Task> Although the data below contains pictures, please reproduce only its words, exactly.

(Dataset records)
——
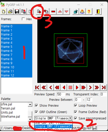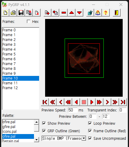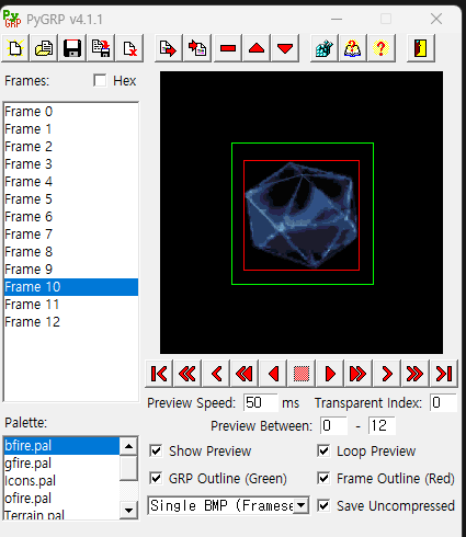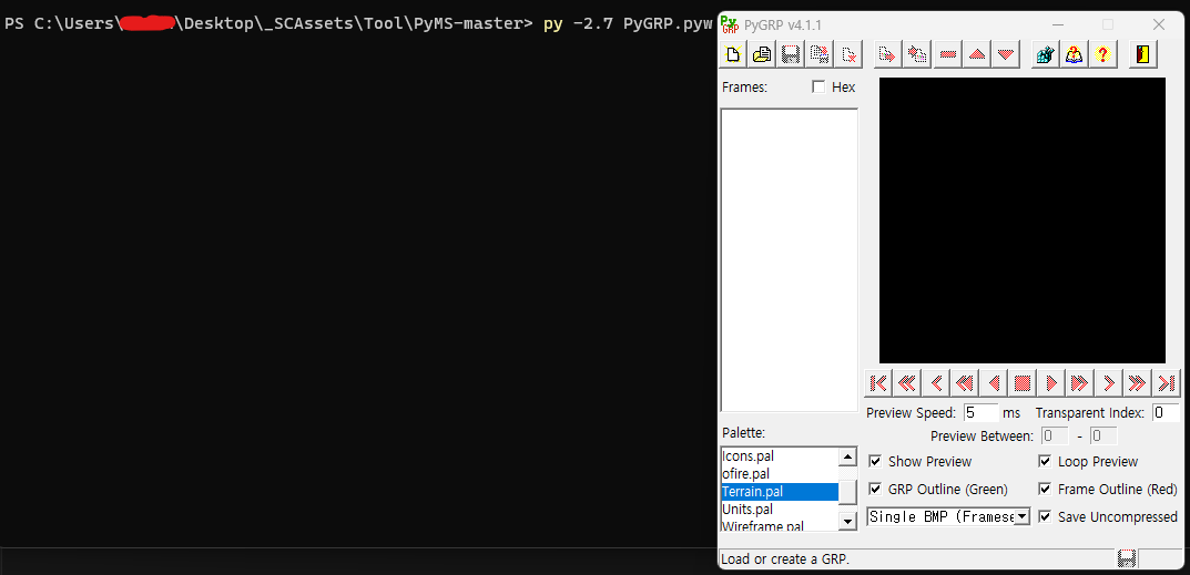 - PyMS를 설치하고 PyGRP.pyw를 실행해서 .grp 파일을 .bmp 파일로 변환
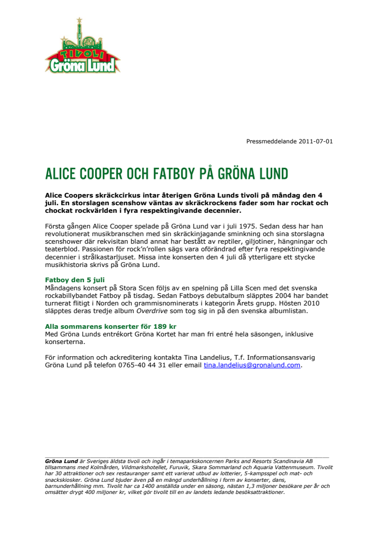 För information och ackreditering kontakta Tina Landelius, T.f. Informationsansvarig Gröna Lund på telefon 0765-40 44 31 eller email tina.landelius@gronalund.com.
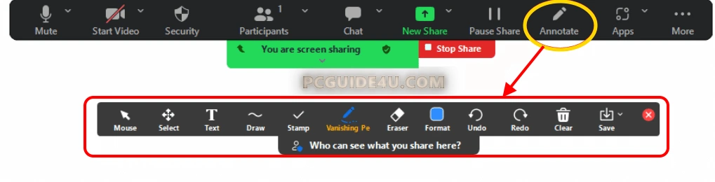 Zoom’s Annotate tools let you highlight, draw, or stamp – making it easier to point out details:
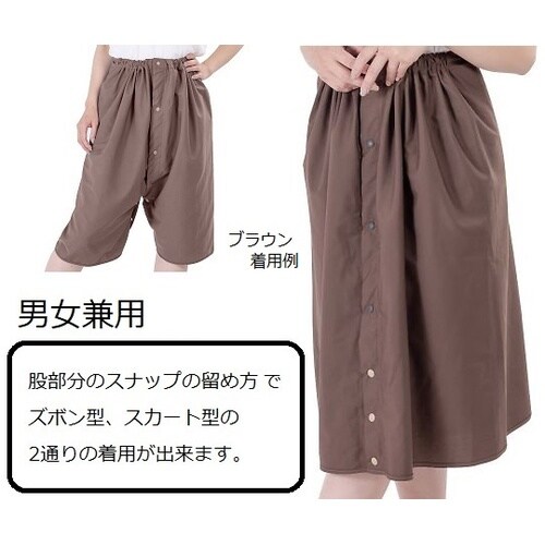 防水素材を内側に縫い付けた履く防水シーツです。股部分のスナップの留め方次第で、ズボン型、スカート型の2通りの着用が出来ます。見かけ自然なアウターとして、履いたままの安心した生活もできます。ボタンの留め |
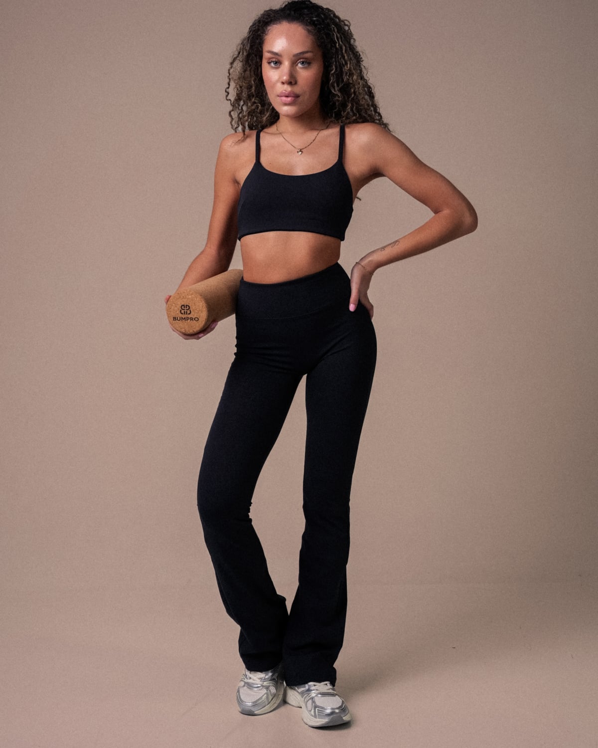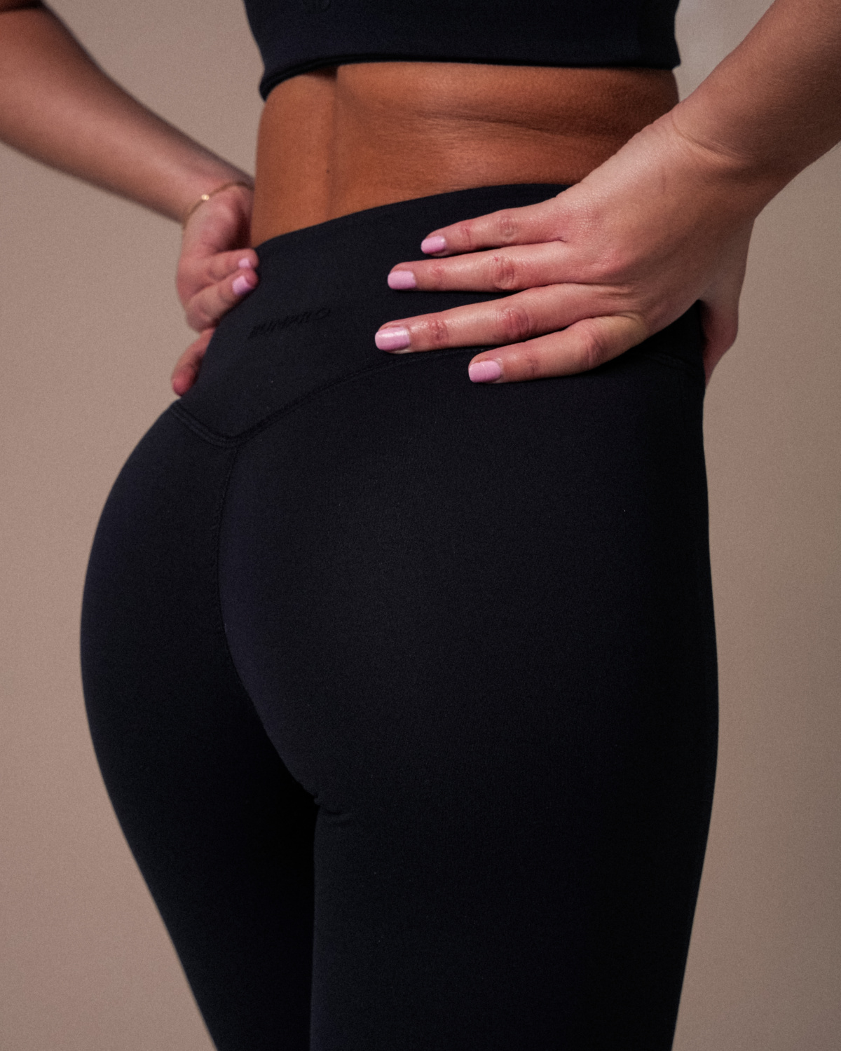 Stilren flare-bukse i et utrolig mykt, peachet materiale. Designet uten frontsøm for å unngå «cameltoe»-effekt. Den har en V-formet bakside som skaper en smigrende silhuett, og et lett utsving nederst ved bena. Buksa passer perfekt til studiotrening som pilates eller yoga, til økter på treningssenteret – men er også superfin til hverdags! Føles som en drøm både å trene og gå i.
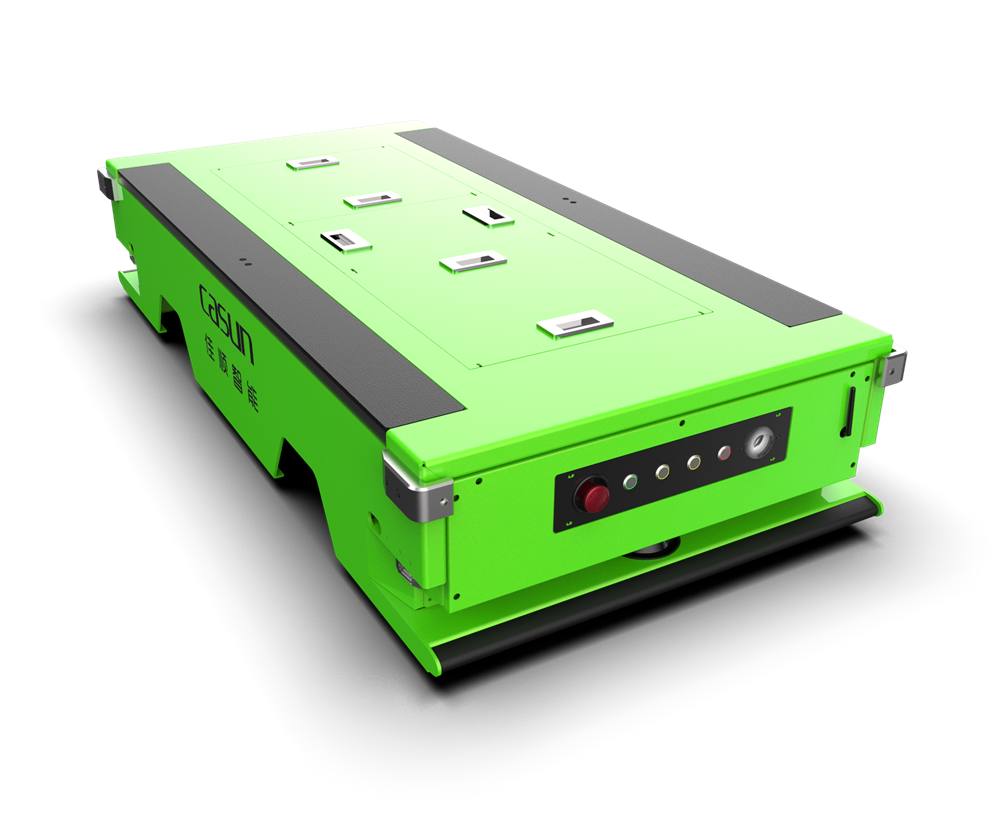 C2-32全向潜伏举升式AGV潜伏至物料车下方,通过顶升的方式抬起整个物料车进行搬运,具备原地旋转,侧向移动功能,负载能力可达2000KG,并可根据不同的场景适应二维码与磁导航的导航方式。
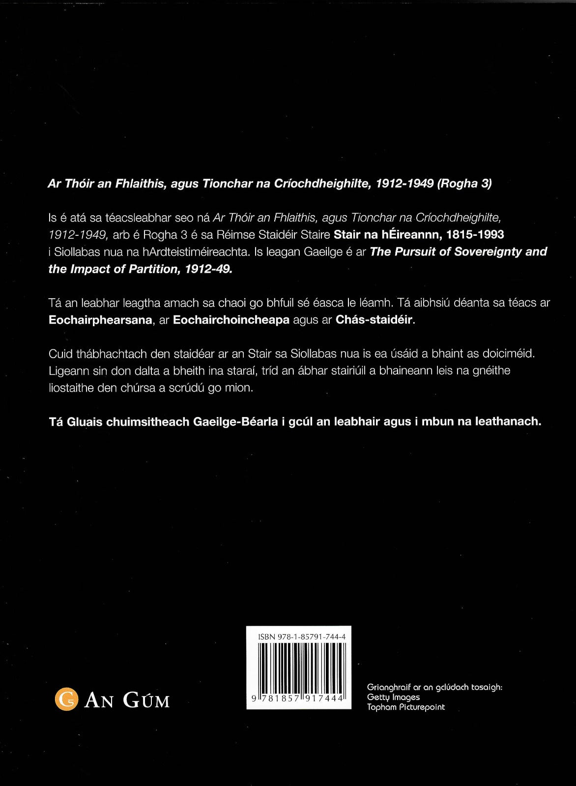 Is é atá sa téacsleabhar seo ná Ar Thóir an Fhlaithis, agus Tionchar na Críochdheighilte, 1912-1949, arb é Rogha 3 é sa Réimse Staidéir Stair na hÉireann, 1815-1993 i Siollabas nua na hArdteistiméireachta. Is leagan Gaeilge é ar The Pursuit of Sovereignty and the Impact of Partition, 1912-1949.
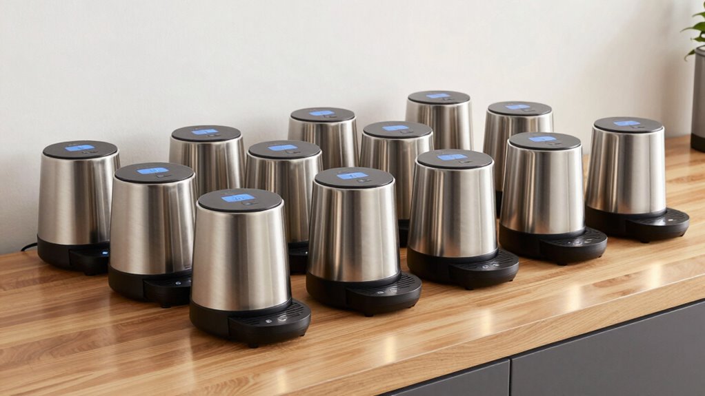 Ever wondered if these warmers waste energy? Honestly, most are quite efficient, especially those with adjustable temperature controls and automatic shut-off features. I’ve found that they use minimal power, so they keep your espresso warm without hiking up your energy bills. Plus, their low power consumption means you can enjoy perfectly heated cups without feeling guilty about your environmental impact. Isn’t that a win-win?
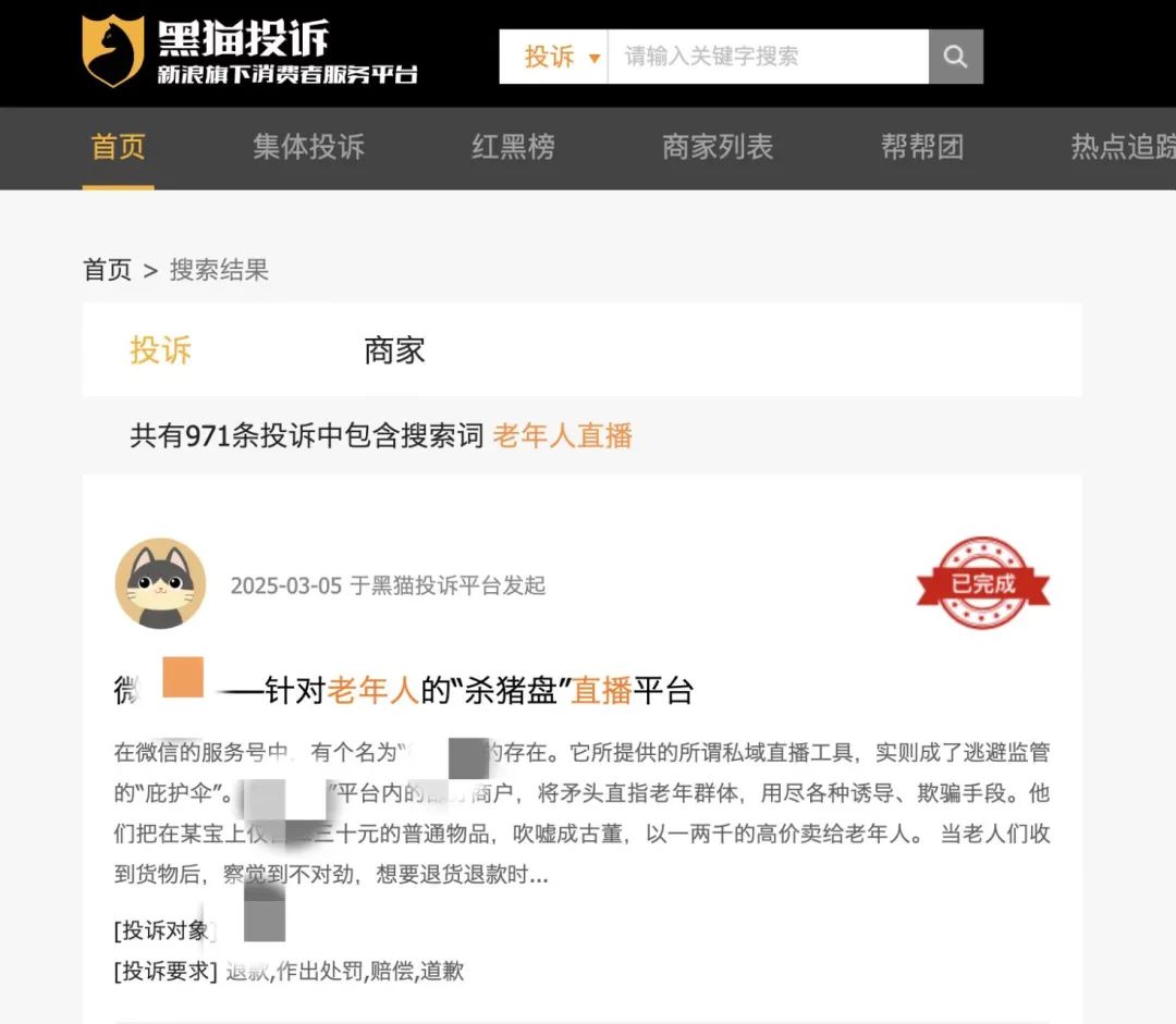 在黑貓投訴平臺上看到,與“老年人直播”相關(guān)的投訴已達近千條。而在眾多投訴內(nèi)容中,“私域直播間”因為更具隱蔽性,引起了驚蟄研究所的注意。
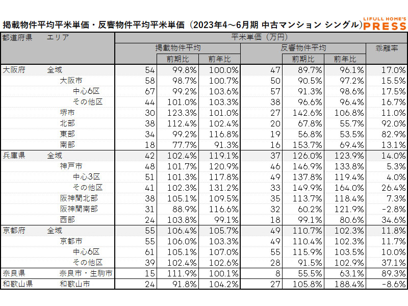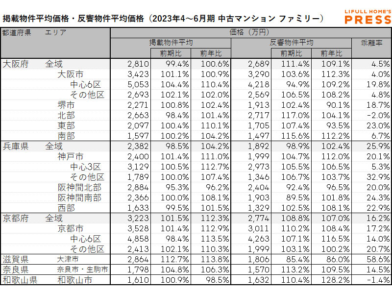 掲載物件平均価格は大阪府が2,810万円で前年比100.6%・前期比99.4%、兵庫県が2,382万円で前年比104.2%・前期比98.5%、京都府が3,223万円で前年比112.3%・前期比101.5%となっている。
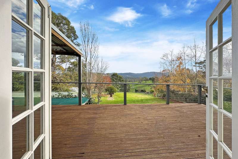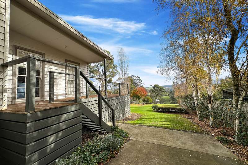Superbly positioned close to town and showcasing character features, we invite you to inspect this charming property that enjoys a breathtaking panorama in stunning private garden surrounds. Afforded a high level of privacy with screening brush fencing, established gardens provide entry to this delightful weatherboard residence. Enter via the covered verandah and step onto polished timber flooring where the functional floorplan offers 3 cosy bedrooms, main bathroom, laundry and kitchen with stainless steel appliances, upstand bench and 4 door pantry. The spacious open plan living arrangement offers a stunning vista and is complete with gas log fire, spilt system and French doors. Entertaining is an absolute pleasure on the elevated and expansive decked verandah, overlooking extensive landscaped surrounds on a sizeable 2018m² (½ acre) allotment. Under house storage, garden shed and concrete driveway with room for 2 cars further complement this very impressive and neatly presented property.
——
Response to this task>
 - PyMS를 설치하고 PyGRP.pyw를 실행해서 .grp 파일을 .bmp 파일로 변환
 För information och ackreditering kontakta Tina Landelius, T.f. Informationsansvarig Gröna Lund på telefon 0765-40 44 31 eller email tina.landelius@gronalund.com.
 Zoom’s Annotate tools let you highlight, draw, or stamp – making it easier to point out details:
 防水素材を内側に縫い付けた履く防水シーツです。股部分のスナップの留め方次第で、ズボン型、スカート型の2通りの着用が出来ます。見かけ自然なアウターとして、履いたままの安心した生活もできます。ボタンの留め |
 Stilren flare-bukse i et utrolig mykt, peachet materiale. Designet uten frontsøm for å unngå «cameltoe»-effekt. Den har en V-formet bakside som skaper en smigrende silhuett, og et lett utsving nederst ved bena. Buksa passer perfekt til studiotrening som pilates eller yoga, til økter på treningssenteret – men er også superfin til hverdags! Føles som en drøm både å trene og gå i.
 C2-32全向潜伏举升式AGV潜伏至物料车下方,通过顶升的方式抬起整个物料车进行搬运,具备原地旋转,侧向移动功能,负载能力可达2000KG,并可根据不同的场景适应二维码与磁导航的导航方式。
 Is é atá sa téacsleabhar seo ná Ar Thóir an Fhlaithis, agus Tionchar na Críochdheighilte, 1912-1949, arb é Rogha 3 é sa Réimse Staidéir Stair na hÉireann, 1815-1993 i Siollabas nua na hArdteistiméireachta. Is leagan Gaeilge é ar The Pursuit of Sovereignty and the Impact of Partition, 1912-1949.
 Ever wondered if these warmers waste energy? Honestly, most are quite efficient, especially those with adjustable temperature controls and automatic shut-off features. I’ve found that they use minimal power, so they keep your espresso warm without hiking up your energy bills. Plus, their low power consumption means you can enjoy perfectly heated cups without feeling guilty about your environmental impact. Isn’t that a win-win?
 在黑貓投訴平臺上看到,與“老年人直播”相關(guān)的投訴已達近千條。而在眾多投訴內(nèi)容中,“私域直播間”因為更具隱蔽性,引起了驚蟄研究所的注意。
 掲載物件平均価格は大阪府が2,810万円で前年比100.6%・前期比99.4%、兵庫県が2,382万円で前年比104.2%・前期比98.5%、京都府が3,223万円で前年比112.3%・前期比101.5%となっている。
Superbly positioned close to town and showcasing character features, we invite you to inspect this charming property that enjoys a breathtaking panorama in stunning private garden surrounds. Afforded a high level of privacy with screening brush fencing, established gardens provide entry to this delightful weatherboard residence. Enter via the covered verandah and step onto polished timber flooring where the functional floorplan offers 3 cosy bedrooms, main bathroom, laundry and kitchen with stainless steel appliances, upstand bench and 4 door pantry. The spacious open plan living arrangement offers a stunning vista and is complete with gas log fire, spilt system and French doors. Entertaining is an absolute pleasure on the elevated and expansive decked verandah, overlooking extensive landscaped surrounds on a sizeable 2018m² (½ acre) allotment. Under house storage, garden shed and concrete driveway with room for 2 cars further complement this very impressive and neatly presented property.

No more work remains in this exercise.